1. The halogen-free flame retardant for the thermoplastic polymer is characterized by comprising the following components in percentage by mass:

2. halogen-free flame retardant for thermoplastic polymers according to claim 1, characterized in that the organic phosphinate is one or a combination of several of aluminum dialkylphosphinate, zinc dialkylphosphinate, iron dialkylphosphinate and aluminum phenylphosphinate, preferably the organic phosphinate is aluminum diethylphosphinate.

3. Halogen-free flame retardant for thermoplastic polymers according to claim 1, characterized in that the average particle size D50 of the organic phosphinate is 10 μm < D50<50 μm.

4. The halogen-free flame retardant for thermoplastic polymers according to claim 1, wherein the silicone-based flame retardant is any one or a combination of polysiloxane, cage type silsesquioxane and hydroxyl silicone oil.

5. The halogen-free flame retardant for thermoplastic polymers as claimed in claim 4, wherein the silicone flame retardant is compounded by cage type silsesquioxane and hydroxyl silicone oil according to a mass ratio of (1-9): 1.

6. The halogen-free flame retardant for thermoplastic polymers as claimed in claim 5, wherein the organic silicon flame retardant is compounded by cage type silsesquioxane and hydroxyl silicone oil according to the mass ratio of 1: 1.

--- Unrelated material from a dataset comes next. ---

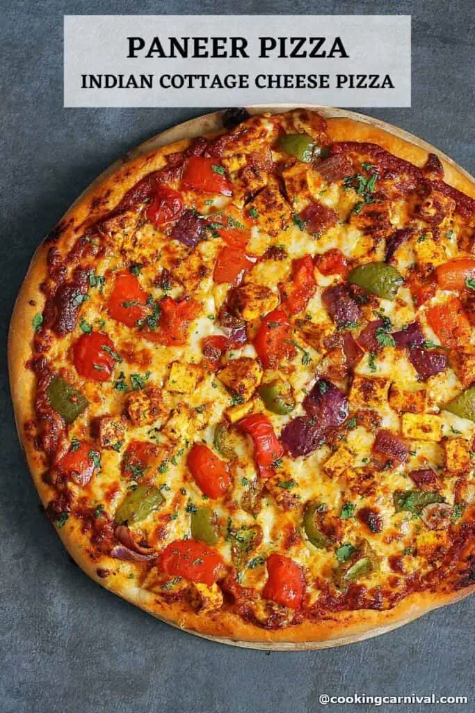 - Take it out from the oven and cut the Paneer Pizza into desired pieces. Enjoy hot.

7. The halogen-free flame retardant for thermoplastic polymers according to claim 1, wherein the inorganic silicon synergist is one or a combination of several of phyllosilicate, nano-silica and low-melting glass powder; preferably, the inorganic silicon-based synergist is nano-silica.

8. The halogen-free flame retardant for thermoplastic polymers according to claim 1, wherein the zinc-containing heat-stabilizing compound comprises at least one of zinc borate, zinc oxide, zinc stannate; preferably, the zinc-containing heat stabilizing compound is zinc stannate.

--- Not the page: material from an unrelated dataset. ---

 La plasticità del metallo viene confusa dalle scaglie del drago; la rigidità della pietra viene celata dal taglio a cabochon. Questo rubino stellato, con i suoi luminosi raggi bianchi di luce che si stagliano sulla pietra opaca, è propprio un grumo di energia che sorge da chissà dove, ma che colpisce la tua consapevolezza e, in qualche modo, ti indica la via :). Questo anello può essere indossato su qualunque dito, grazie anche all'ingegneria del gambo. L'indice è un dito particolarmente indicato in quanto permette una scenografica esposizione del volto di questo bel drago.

9. Halogen-free flame retardant for thermoplastic polymers according to claim 8 characterized in that the average particle size D50 of the zinc containing heat stabilized compound satisfies 10 μ ι η < D50<50 μ ι η.

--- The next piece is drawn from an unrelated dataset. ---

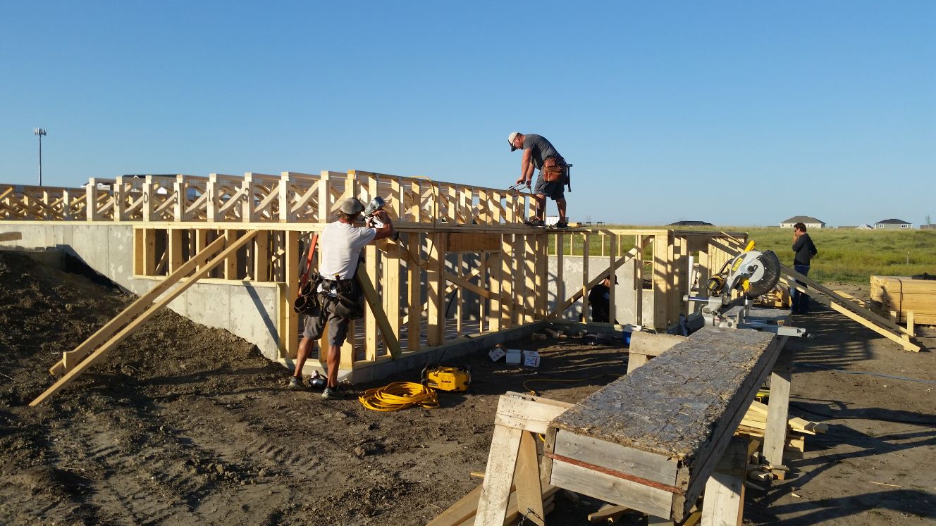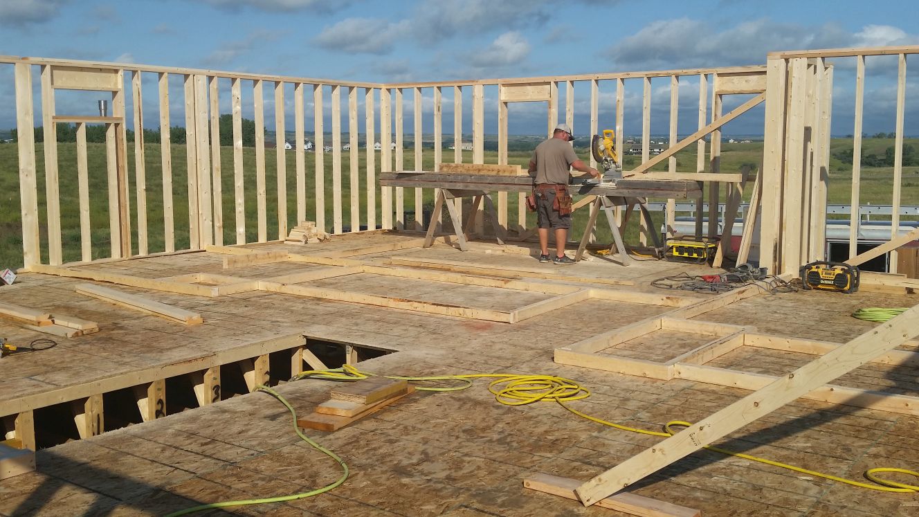 Sheets of plywood are placed on the floor trusses. Wood 2x4's for the main floor

10. A method for preparing the halogen-free flame retardant for thermoplastic polymers according to any of claims 1 to 9, comprising:

granulating by adopting a double-screw extruder: after the set temperature of each heating zone of the extruder is stable, adding resin, antioxidant and lubricant from a main feeding hopper, feeding powder flame retardant from a side feeding port, adding glass fiber from a glass fiber port, and obtaining the halogen-free flame retardant polymer after extrusion, granulation and drying.